Really enjoying Cursor Pro and loving how it helps with AI-powered editing.
But… something’s not adding up when it comes to token usage and I think it’s worth discussing openly here.
Here’s what happened: I edited a single file that was about 7,500 tokens in total size (see screenshot below). After that one edit, Cursor’s dashboard shows that I used over 107,000 tokens for that one transaction!
That’s not a typo — one simple edit, on one moderate-sized file, burned through (107k tokens in one go).
This honestly shocked me. When I was thinking about building something like this myself, I would have expected this workflow to consume that much over the (course of an entire week) — not a single edit.
And this wasn’t some crazy large context or complex prompt — just normal editing.
Even accounting for caching, summarization, etc., I can’t help but feel like (there’s a lot of invisible overhead going on here).
This matters because:
If every small edit costs this much in tokens, it could explain why people hit limits faster than expected.
Users might not realize that a “minor” edit can result in massive token charges behind the scenes.
I’d bet there’s at least 70%+ potential savings possible here without impacting quality — just with more efficient prompt design and context management.
I’d be interested to hear if others have observed similar patterns, and would appreciate any insight from the Cursor team on how this token usage is calculated for these types of edit actions.
My goal in raising this is simply to understand how the system works and whether there are future plans for further optimization.
Thanks again to the Cursor team for the great product — this just seemed like an important topic to discuss constructively.
Yes, but this was around 10x the tokens, not just a 10% variance from tokenizer differences, so I don’t think it’s a tokenizer mismatch issue.
This was a single API request using “Claude 4” (not Fast Edit), on a single file that totaled approximately 7,500 tokens.
However, Cursor’s dashboard shows that this request consumed over 107,000 tokens — suggesting that the entire file content may have been sent repeatedly within that one request.
From what I can tell, this implies there might not have been effective caching or summarization applied at the prompt layer, at least for this workflow.
It feels like the file could have been included multiple times in prompt chains or intermediate calls during processing, which adds significant hidden token overhead.
Sorry for that i mean it was single request using claude 4, not single api request,and also i selected the lines i want to edit and did not leave it to read whole file to find it, and it take 10x tokens than file size
This was less than 50 lines of code, but the output consumed 107K tokens.
Honestly, when I was planning an editor for my internal company use, I wasn’t expecting to send the entire code 10 times in a single request, that kind of behavior feels really strange.
It seems like there’s a significant opportunity here for Cursor to restructure how prompts and code are sent to expensive models like Claude Sonnet or Opus, possibly from the ground up.
If it’s helpful, happy to volunteer some time to think through this with the team
A-lot of people are having this same issue. I messaged Cursor and they said that I should switch to Auto for the time being. Like I paid $200 to not have access to the models in my plan lol. If they don’t fix this soon, ill either try to force a refund, or chargeback.

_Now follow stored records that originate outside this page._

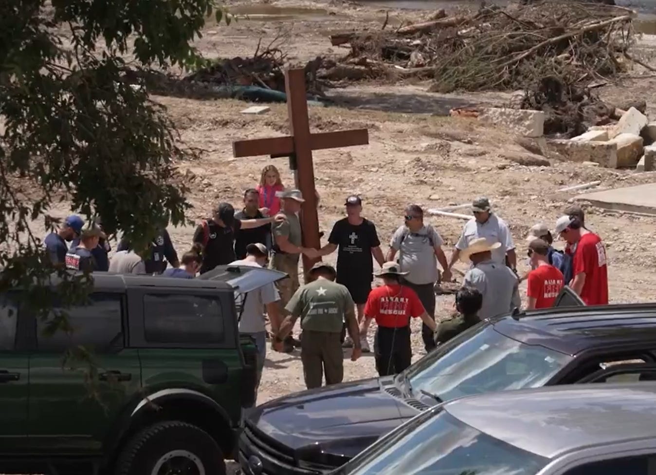A group of first responders takes hands to pray around a giant cross. They are in Kerr County, Texas, arrived to search and care for victims of the Guadalupe River flood. Not far away, the body of a 9-month-old baby has been found in the debris.
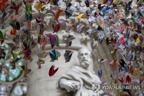 epaselect epa08585167 Origami For Life , an atistic setup of 22 000 origami exposed a Cathedral of Saint Michael and Gudula in Brussels , Belgium, 05 August 2020. Origami For Life is an initiative which aims at raising funds for Hospital Erasme in Belgium. it help fund a COVID-19 special care unit. For each Origami received, a donation of ?5 was made to the Erasme Foundation . Lunch via social network of the Aritist Origami came form 40 countries as far as Australia. Until now Hospital Erasm received 101 000 from this action. EPA/OLIVIER HOSLET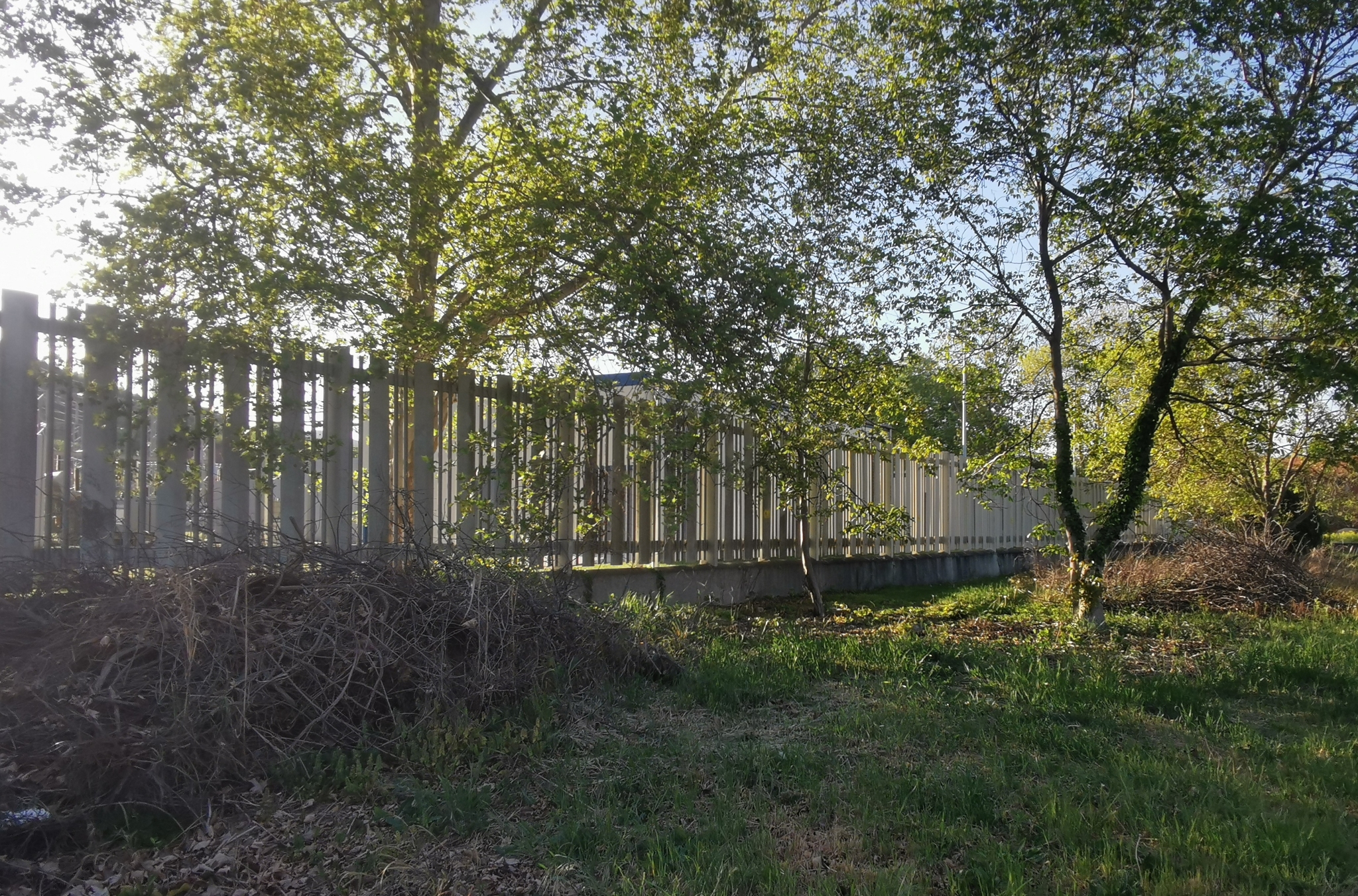 Budapesten, Békásmegyeren az ELMÜ-állomás kerítése és a Dózsa György út közötti füves részen két nagy kupac zöldhulladék (száraz ágak, gallyak) található.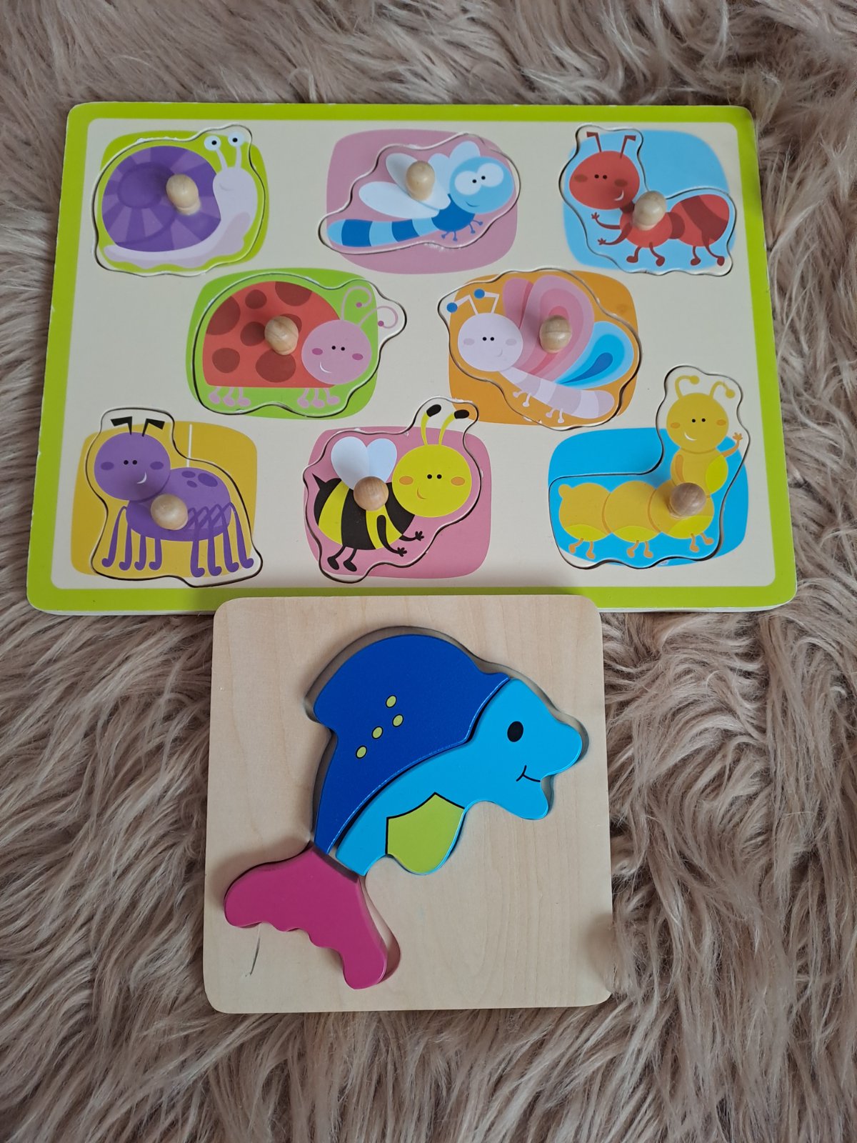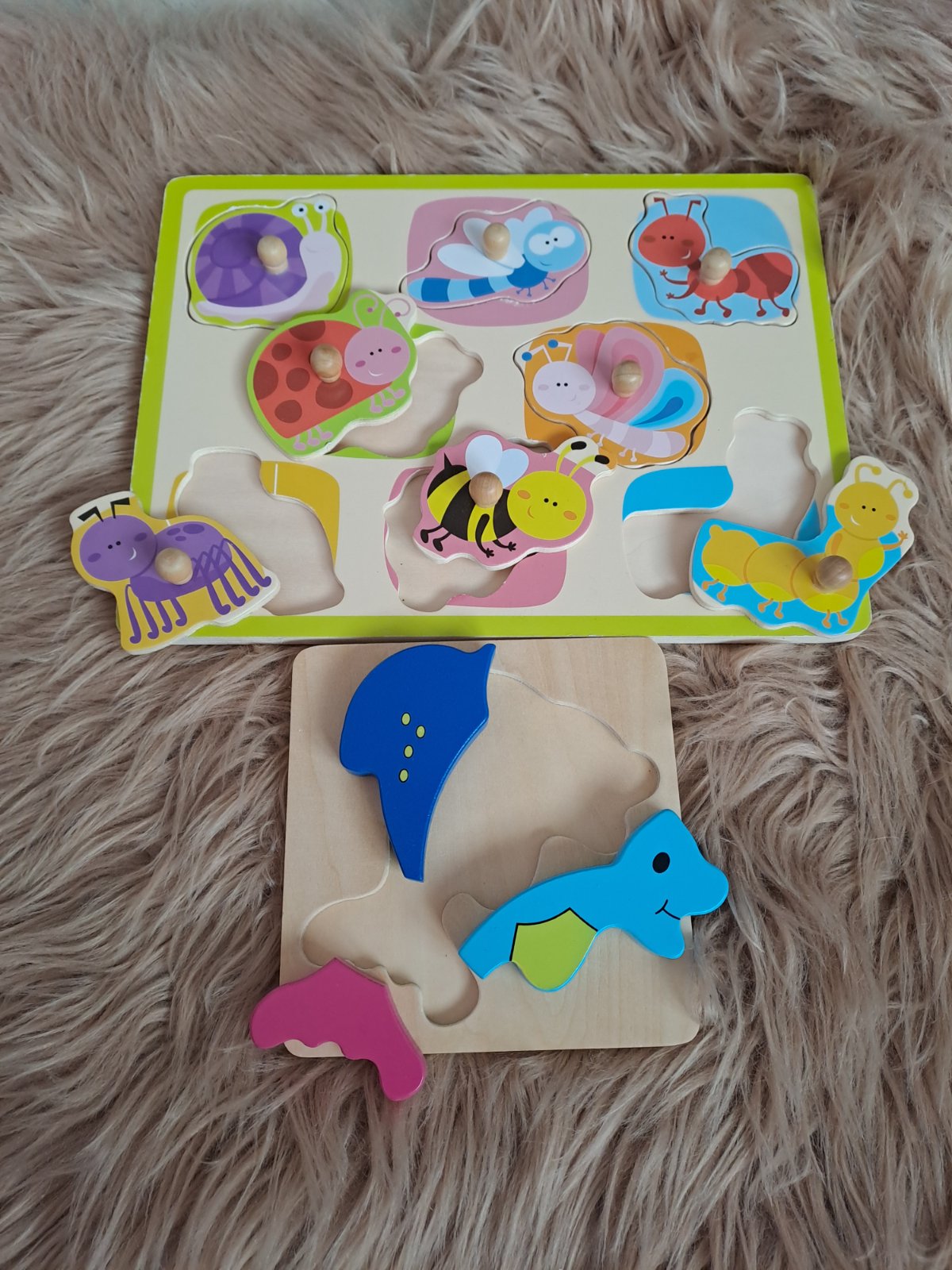 Drevené vkladačky pre detičky pre rozvoj ich koordinácie a rozpoznávania tvarov. V super stave.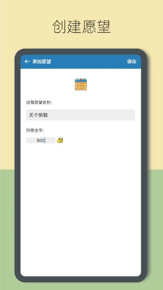 2、通过设定愿望商品实现自我的激励,完后后还能获得奖励;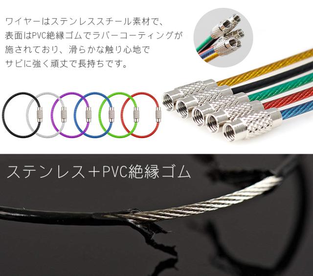 - カバンの持ち手にキーホルダーを付けたいのに幅が広くて付けられない・・・って時に、このワイヤーを見つけました。 7色あってカルフル、そのうえキーホルダーも付けられて大変満足してます。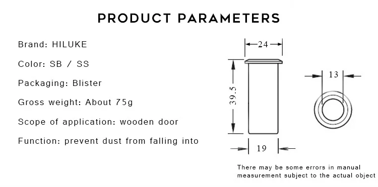 Бренд: HILUKE Цвет: SB/SS Упаковка: блистер Вес брутто: около 75 г Область применения: деревянная дверь Функция: предотвращает попадание пыли в

Looks very strange really, why do they use this sum of tokens even? I think they have long sequence of calls and everytime the send full code again, they can - with small manipulation - sent only the structure and avoid such big usage, lets wait for the explanation
Use auto first, because it is free, and then if it doesn’t work revert to the old version and then try a specific model. Even better, automate the process and track performance differences.
It’s a lot better than it used to be. I spent most of the day giving identical prompts to claude and auto, and auto produced working code 15 percent faster on average than claude took to produce very buggy code even when handed the problem.
They both started with empty fields and they both were given the exact same prompts.
I can beat you when it comes to tokens consumed…
Agent Claude 4 Sonnet
Input 42
Output 2,383
Cache write 63,111 Cache Read 474,254 Total Tokens 539,790
luckily was within the plan. But this makes me nervous about pricing and usage cost once I run out of the plan (and this month I almost haven’t touched Cursor)
And all that it is achieving,- is for me to look at going Claude path (since that’s pretty much only model I use and seems to work). I tried Grok 4,- froze in the middle every single time!
So it sends your code about 8 times to clause before get you the output, why? and why it sends complete code again and again, its very easy to change their prompt structure and summerize code to avoid this, I think cursor is depending 100% in selected AI when you select model manually, so it sends all your code to selected model again and again instead of passing it first to smaller model to optimize it.